The Constitution prescribes the rules about how the United States is to enter a war, and the Obama administration has violated those rules.
The administration argues that the hostilities, because limited, do not rise to the level of “war,” as the Constitution uses that word. But that position is almost surely wrong: Founding-Era dictionaries and other sources, both legal and lay, tell us that when the Constitution was approved, “war” consisted of any hostilities initiated by a sovereign over opposition. A very typical dictionary definition was, “the exercise of violence under sovereign command against such as oppose.” (Barlow, 1772-73). I have found no suggestion in any contemporaneous source that operations of the kind the U.S. is conducting were anything but “war.”
The Founders’ favorite authority on international law, Vattel, divided wars into three principal categories: defensive wars, offensive just wars, and offensive unjust wars. A nation fought a defensive war when it responded to an invasion. It fought a just offensive war when it responded to an infringement of its rights short of invasion. It fought an unjust offensive war if it attacked another country even though that other country had not infringed its rights. Examples of unjust offensive wars were those fought for conquest or to limit an innocent neighbor’s power.

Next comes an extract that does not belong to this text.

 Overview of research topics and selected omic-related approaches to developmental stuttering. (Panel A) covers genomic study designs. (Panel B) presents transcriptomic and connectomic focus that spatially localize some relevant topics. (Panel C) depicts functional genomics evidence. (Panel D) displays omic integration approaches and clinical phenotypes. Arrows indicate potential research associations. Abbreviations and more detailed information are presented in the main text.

A defensive war did not require a declaration. A just offensive war did require one, although it might be called something other than “declaration of war.” The declaration triggered certain consequences under international law, but Vattel says its principal purpose was to give the other country a last chance to correct the injury it was inflicting. Because unjust wars were those launched by a country that had not suffered legal injury, it follows that “declarations of war” issued by an aggressor were at least partially defective.
Now: The federal government has only those powers the Constitution grants it. The Constitution grants the federal government authority to begin and wage a defensive war: “The United States shall . . . protect each [state] against Invasion” (IV-4). (Protection of U.S. territories is impliedly authorized as well: IV-3-2) But the Constitution grants only Congress authority to initiate a just offensive war—that is, an American attack to vindicate our legitimate rights: “The Congress shall have Power . . . To declare War.” (I-8-11). It can be inferred from the document that the government has no constitutional power to wage an unjust war.

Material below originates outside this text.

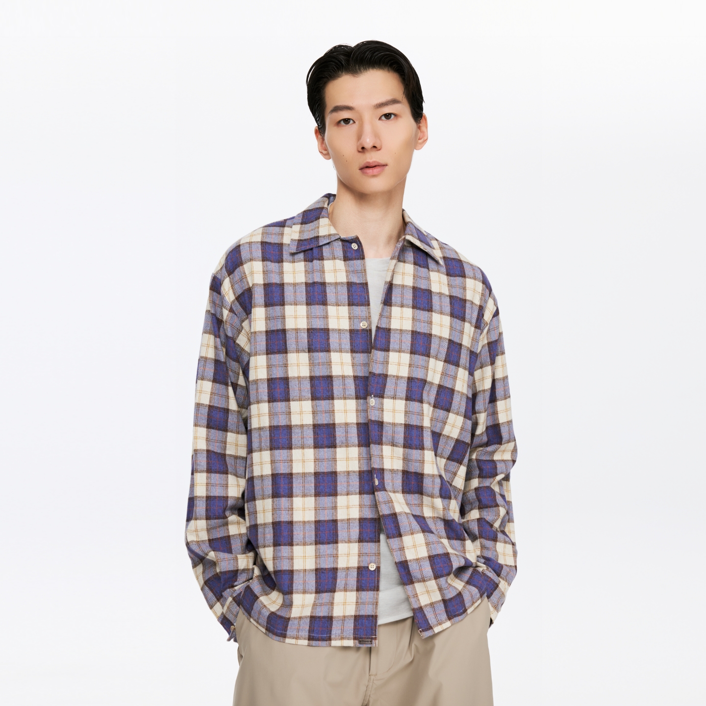 新款 男日系潮流秋季 纯棉宽松休闲廓形衬衣 衬衫 VR97泡泡纱条纹长袖

The Constitution entrusts Congress with creating the means for waging war: “To raise and support Armies” (I-8-12), “To provide and maintain a Navy” (I-8-13), and “To provide for calling forth the Militia to . . . repel Invasions” (I-8-15). It grants the President authority to serve as Commander-in-Chief (II-2-1). Under the latter provision, the President can oppose an invader (engage in defensive war) without prior congressional authorization, since “The United States [not just Congress] shall . . . protect each [state] against Invasion” (IV-4). But there is no enumerated power authorizing the President to launch an offensive war without a congressional resolution that qualifies in substance as a declaration.
Many quotations from key Founders show that is was their understanding as well. For example, James Wilson, one of the greatest Founders, told the Pennsylvania ratifying convention:
“This system will not hurry us into war; it is calculated to guard against it. It will not be in the power of a single man, or a single body of men, to involve us in such distress; for the important power of declaring war is vested in the legislature at large: this declaration must be made with the concurrence of the House of Representatives. . . .”
(This quote is only one of several.)
Nevertheless, many well-meaning people have sought to find a presidential power to wage undeclared war. In part they rely on practice arising decades, even centuries, after the Founding. As I point out in The Original Constitution: What It Actually Said and Meant, such evidence is too remote to be a reliable source of original understanding. The fact that the President sometimes has acted unconstitutionally does not render those acts constitutional.
The most sophisticated presidential defenders make the following argument:
* What determines constitutional force is not how the ratifiers understood the document, but its objective “original public meaning” to the larger public;
* the Constitution grants the President the “executive Power” (II-1-1);
* although the Constitution does not mention undeclared wars, based on the practice of the British Crown the President’s “executive Power” included authority to initiate them.
Unfortunately for this argument, recent scholarship has largely destroyed the view that the phrase “the executive Power” conferred the King of England’s power on the President. The most comprehensive study of the subject is Curtis A. Bradley & Martin S. Flaherty’s article, Executive Power Essentialism and Foreign Affairs, 102 Mich. L. Rev. 545 (2004). In addition, my own published investigation of Founding-Era legal drafting practices discovered that those practices were completely inconsistent with the conclusion that the phrase “executive Power” conferred any authority.
As for the claim that the Constitution’s “original public meaning” trumps what the ratifiers understood, to my knowledge no one has contested the conclusions of my excruciatingly-footnoted 2007 study of Founding-Era interpretative methods. It concluded that the Constitution was to be interpreted by the ratifiers’ understanding, with “original public meaning” being consulted only when a coherent understanding could not be found. In the case of the war power, though, the ratifiers’ understanding is pretty clear.
Although the Obama administration’s Libya operations probably qualify as a constitutionally-authorized “just war” (because designed to assist an oppressed people who have risen in rebellion), launching those operations without prior congressional consent violated the Constitution.